§ ASSIGNED TASK
Line by line, return the data exactly as shown.

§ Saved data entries
▬▬▬▬▬▬
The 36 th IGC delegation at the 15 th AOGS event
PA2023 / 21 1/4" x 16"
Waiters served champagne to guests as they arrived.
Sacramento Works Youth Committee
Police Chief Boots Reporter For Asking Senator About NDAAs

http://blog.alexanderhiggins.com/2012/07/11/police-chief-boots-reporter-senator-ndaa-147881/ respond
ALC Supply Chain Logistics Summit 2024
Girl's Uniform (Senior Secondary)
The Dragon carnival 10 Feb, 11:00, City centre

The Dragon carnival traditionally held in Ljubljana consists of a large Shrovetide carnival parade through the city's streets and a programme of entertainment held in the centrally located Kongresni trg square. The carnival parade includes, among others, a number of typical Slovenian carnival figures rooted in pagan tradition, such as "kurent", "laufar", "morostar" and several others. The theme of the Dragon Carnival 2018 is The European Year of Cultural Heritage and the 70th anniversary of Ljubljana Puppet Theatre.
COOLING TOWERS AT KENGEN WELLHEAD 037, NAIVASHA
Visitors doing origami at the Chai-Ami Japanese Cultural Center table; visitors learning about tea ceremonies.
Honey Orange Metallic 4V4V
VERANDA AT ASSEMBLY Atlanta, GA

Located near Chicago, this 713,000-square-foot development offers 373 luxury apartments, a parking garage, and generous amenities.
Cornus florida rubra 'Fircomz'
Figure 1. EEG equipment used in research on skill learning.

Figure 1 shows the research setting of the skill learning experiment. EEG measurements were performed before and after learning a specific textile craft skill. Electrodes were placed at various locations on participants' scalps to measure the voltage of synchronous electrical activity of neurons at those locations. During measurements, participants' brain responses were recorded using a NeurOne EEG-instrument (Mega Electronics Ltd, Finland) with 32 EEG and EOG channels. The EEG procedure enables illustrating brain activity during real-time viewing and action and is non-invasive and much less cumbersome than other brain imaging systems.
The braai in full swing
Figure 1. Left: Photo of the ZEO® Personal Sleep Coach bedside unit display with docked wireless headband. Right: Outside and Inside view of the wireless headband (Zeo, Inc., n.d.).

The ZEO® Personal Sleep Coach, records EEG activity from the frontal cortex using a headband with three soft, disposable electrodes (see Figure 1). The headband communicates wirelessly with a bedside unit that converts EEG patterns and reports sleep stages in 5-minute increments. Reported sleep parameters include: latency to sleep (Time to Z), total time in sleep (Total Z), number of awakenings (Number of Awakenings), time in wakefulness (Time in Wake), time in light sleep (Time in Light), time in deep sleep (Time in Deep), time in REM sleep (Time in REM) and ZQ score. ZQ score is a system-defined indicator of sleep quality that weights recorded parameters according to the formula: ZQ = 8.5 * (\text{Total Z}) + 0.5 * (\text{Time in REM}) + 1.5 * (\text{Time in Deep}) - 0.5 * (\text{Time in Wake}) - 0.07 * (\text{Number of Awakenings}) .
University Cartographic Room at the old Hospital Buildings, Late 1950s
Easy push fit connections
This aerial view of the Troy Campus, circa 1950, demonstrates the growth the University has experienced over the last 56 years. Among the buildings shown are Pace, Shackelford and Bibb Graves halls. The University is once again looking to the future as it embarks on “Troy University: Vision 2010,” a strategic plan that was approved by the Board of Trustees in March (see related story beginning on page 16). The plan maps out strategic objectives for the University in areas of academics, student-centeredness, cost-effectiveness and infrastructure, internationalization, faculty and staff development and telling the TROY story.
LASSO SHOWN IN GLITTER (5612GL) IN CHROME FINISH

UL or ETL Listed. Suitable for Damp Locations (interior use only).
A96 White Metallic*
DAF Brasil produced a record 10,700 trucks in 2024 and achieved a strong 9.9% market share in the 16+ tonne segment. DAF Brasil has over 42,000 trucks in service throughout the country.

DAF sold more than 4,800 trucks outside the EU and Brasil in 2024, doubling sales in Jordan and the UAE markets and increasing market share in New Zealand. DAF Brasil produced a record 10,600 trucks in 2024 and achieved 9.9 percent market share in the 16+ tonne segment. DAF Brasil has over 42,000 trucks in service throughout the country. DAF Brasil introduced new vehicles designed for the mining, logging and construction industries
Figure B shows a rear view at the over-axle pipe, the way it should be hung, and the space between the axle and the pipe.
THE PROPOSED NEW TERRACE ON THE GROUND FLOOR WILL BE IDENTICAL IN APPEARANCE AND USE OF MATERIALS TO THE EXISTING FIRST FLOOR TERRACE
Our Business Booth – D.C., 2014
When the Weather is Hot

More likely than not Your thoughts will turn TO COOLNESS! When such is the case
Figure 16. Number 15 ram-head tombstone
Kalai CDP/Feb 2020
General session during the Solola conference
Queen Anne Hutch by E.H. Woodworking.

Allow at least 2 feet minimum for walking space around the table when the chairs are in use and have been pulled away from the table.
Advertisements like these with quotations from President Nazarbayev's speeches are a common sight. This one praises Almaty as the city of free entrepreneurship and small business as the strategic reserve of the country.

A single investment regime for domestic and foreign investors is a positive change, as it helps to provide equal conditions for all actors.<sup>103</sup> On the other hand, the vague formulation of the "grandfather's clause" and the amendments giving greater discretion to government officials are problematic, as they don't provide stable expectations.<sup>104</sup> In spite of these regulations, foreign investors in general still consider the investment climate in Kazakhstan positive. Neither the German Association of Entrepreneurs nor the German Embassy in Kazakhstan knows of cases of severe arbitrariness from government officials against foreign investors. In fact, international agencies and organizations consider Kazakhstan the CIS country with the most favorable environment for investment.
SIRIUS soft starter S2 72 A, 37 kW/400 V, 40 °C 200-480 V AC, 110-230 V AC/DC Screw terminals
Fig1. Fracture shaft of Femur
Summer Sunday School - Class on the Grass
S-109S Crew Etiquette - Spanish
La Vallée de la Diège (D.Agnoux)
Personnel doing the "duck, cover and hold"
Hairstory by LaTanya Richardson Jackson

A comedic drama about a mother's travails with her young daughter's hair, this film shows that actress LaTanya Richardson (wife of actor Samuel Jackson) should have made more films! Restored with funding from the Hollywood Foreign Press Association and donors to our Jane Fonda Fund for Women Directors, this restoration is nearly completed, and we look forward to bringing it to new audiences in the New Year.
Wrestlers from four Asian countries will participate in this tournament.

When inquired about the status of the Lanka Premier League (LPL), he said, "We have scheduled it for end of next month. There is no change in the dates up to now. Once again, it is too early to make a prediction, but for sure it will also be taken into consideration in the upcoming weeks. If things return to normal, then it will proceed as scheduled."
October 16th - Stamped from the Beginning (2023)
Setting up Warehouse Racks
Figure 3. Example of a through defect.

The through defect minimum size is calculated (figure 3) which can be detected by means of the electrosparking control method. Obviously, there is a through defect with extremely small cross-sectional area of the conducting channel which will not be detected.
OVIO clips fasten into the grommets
▬▬▬▬▬▬
§ RESULT BELOW
The 36 th IGC delegation at the 15 th AOGS event
PA2023 / 21 1/4" x 16"
Waiters served champagne to guests as they arrived.
Sacramento Works Youth Committee
Police Chief Boots Reporter For Asking Senator About NDAAs

http://blog.alexanderhiggins.com/2012/07/11/police-chief-boots-reporter-senator-ndaa-147881/ respond
ALC Supply Chain Logistics Summit 2024
Girl's Uniform (Senior Secondary)
The Dragon carnival 10 Feb, 11:00, City centre

The Dragon carnival traditionally held in Ljubljana consists of a large Shrovetide carnival parade through the city's streets and a programme of entertainment held in the centrally located Kongresni trg square. The carnival parade includes, among others, a number of typical Slovenian carnival figures rooted in pagan tradition, such as "kurent", "laufar", "morostar" and several others. The theme of the Dragon Carnival 2018 is The European Year of Cultural Heritage and the 70th anniversary of Ljubljana Puppet Theatre.
COOLING TOWERS AT KENGEN WELLHEAD 037, NAIVASHA
Visitors doing origami at the Chai-Ami Japanese Cultural Center table; visitors learning about tea ceremonies.
Honey Orange Metallic 4V4V
VERANDA AT ASSEMBLY Atlanta, GA

Located near Chicago, this 713,000-square-foot development offers 373 luxury apartments, a parking garage, and generous amenities.
Cornus florida rubra 'Fircomz'
Figure 1. EEG equipment used in research on skill learning.

Figure 1 shows the research setting of the skill learning experiment. EEG measurements were performed before and after learning a specific textile craft skill. Electrodes were placed at various locations on participants' scalps to measure the voltage of synchronous electrical activity of neurons at those locations. During measurements, participants' brain responses were recorded using a NeurOne EEG-instrument (Mega Electronics Ltd, Finland) with 32 EEG and EOG channels. The EEG procedure enables illustrating brain activity during real-time viewing and action and is non-invasive and much less cumbersome than other brain imaging systems.
The braai in full swing
Figure 1. Left: Photo of the ZEO® Personal Sleep Coach bedside unit display with docked wireless headband. Right: Outside and Inside view of the wireless headband (Zeo, Inc., n.d.).

The ZEO® Personal Sleep Coach, records EEG activity from the frontal cortex using a headband with three soft, disposable electrodes (see Figure 1). The headband communicates wirelessly with a bedside unit that converts EEG patterns and reports sleep stages in 5-minute increments. Reported sleep parameters include: latency to sleep (Time to Z), total time in sleep (Total Z), number of awakenings (Number of Awakenings), time in wakefulness (Time in Wake), time in light sleep (Time in Light), time in deep sleep (Time in Deep), time in REM sleep (Time in REM) and ZQ score. ZQ score is a system-defined indicator of sleep quality that weights recorded parameters according to the formula: ZQ = 8.5 * (\text{Total Z}) + 0.5 * (\text{Time in REM}) + 1.5 * (\text{Time in Deep}) - 0.5 * (\text{Time in Wake}) - 0.07 * (\text{Number of Awakenings}) .
University Cartographic Room at the old Hospital Buildings, Late 1950s
Easy push fit connections
This aerial view of the Troy Campus, circa 1950, demonstrates the growth the University has experienced over the last 56 years. Among the buildings shown are Pace, Shackelford and Bibb Graves halls. The University is once again looking to the future as it embarks on “Troy University: Vision 2010,” a strategic plan that was approved by the Board of Trustees in March (see related story beginning on page 16). The plan maps out strategic objectives for the University in areas of academics, student-centeredness, cost-effectiveness and infrastructure, internationalization, faculty and staff development and telling the TROY story.
LASSO SHOWN IN GLITTER (5612GL) IN CHROME FINISH

UL or ETL Listed. Suitable for Damp Locations (interior use only).
A96 White Metallic*
DAF Brasil produced a record 10,700 trucks in 2024 and achieved a strong 9.9% market share in the 16+ tonne segment. DAF Brasil has over 42,000 trucks in service throughout the country.

DAF sold more than 4,800 trucks outside the EU and Brasil in 2024, doubling sales in Jordan and the UAE markets and increasing market share in New Zealand. DAF Brasil produced a record 10,600 trucks in 2024 and achieved 9.9 percent market share in the 16+ tonne segment. DAF Brasil has over 42,000 trucks in service throughout the country. DAF Brasil introduced new vehicles designed for the mining, logging and construction industries
Figure B shows a rear view at the over-axle pipe, the way it should be hung, and the space between the axle and the pipe.
THE PROPOSED NEW TERRACE ON THE GROUND FLOOR WILL BE IDENTICAL IN APPEARANCE AND USE OF MATERIALS TO THE EXISTING FIRST FLOOR TERRACE
Our Business Booth – D.C., 2014
When the Weather is Hot

More likely than not Your thoughts will turn TO COOLNESS! When such is the case
Figure 16. Number 15 ram-head tombstone
Kalai CDP/Feb 2020
General session during the Solola conference
Queen Anne Hutch by E.H. Woodworking.

Allow at least 2 feet minimum for walking space around the table when the chairs are in use and have been pulled away from the table.
Advertisements like these with quotations from President Nazarbayev's speeches are a common sight. This one praises Almaty as the city of free entrepreneurship and small business as the strategic reserve of the country.

A single investment regime for domestic and foreign investors is a positive change, as it helps to provide equal conditions for all actors.<sup>103</sup> On the other hand, the vague formulation of the "grandfather's clause" and the amendments giving greater discretion to government officials are problematic, as they don't provide stable expectations.<sup>104</sup> In spite of these regulations, foreign investors in general still consider the investment climate in Kazakhstan positive. Neither the German Association of Entrepreneurs nor the German Embassy in Kazakhstan knows of cases of severe arbitrariness from government officials against foreign investors. In fact, international agencies and organizations consider Kazakhstan the CIS country with the most favorable environment for investment.
SIRIUS soft starter S2 72 A, 37 kW/400 V, 40 °C 200-480 V AC, 110-230 V AC/DC Screw terminals
Fig1. Fracture shaft of Femur
Summer Sunday School - Class on the Grass
S-109S Crew Etiquette - Spanish
La Vallée de la Diège (D.Agnoux)
Personnel doing the "duck, cover and hold"
Hairstory by LaTanya Richardson Jackson

A comedic drama about a mother's travails with her young daughter's hair, this film shows that actress LaTanya Richardson (wife of actor Samuel Jackson) should have made more films! Restored with funding from the Hollywood Foreign Press Association and donors to our Jane Fonda Fund for Women Directors, this restoration is nearly completed, and we look forward to bringing it to new audiences in the New Year.
Wrestlers from four Asian countries will participate in this tournament.

When inquired about the status of the Lanka Premier League (LPL), he said, "We have scheduled it for end of next month. There is no change in the dates up to now. Once again, it is too early to make a prediction, but for sure it will also be taken into consideration in the upcoming weeks. If things return to normal, then it will proceed as scheduled."
October 16th - Stamped from the Beginning (2023)
Setting up Warehouse Racks
Figure 3. Example of a through defect.

The through defect minimum size is calculated (figure 3) which can be detected by means of the electrosparking control method. Obviously, there is a through defect with extremely small cross-sectional area of the conducting channel which will not be detected.
OVIO clips fasten into the grommets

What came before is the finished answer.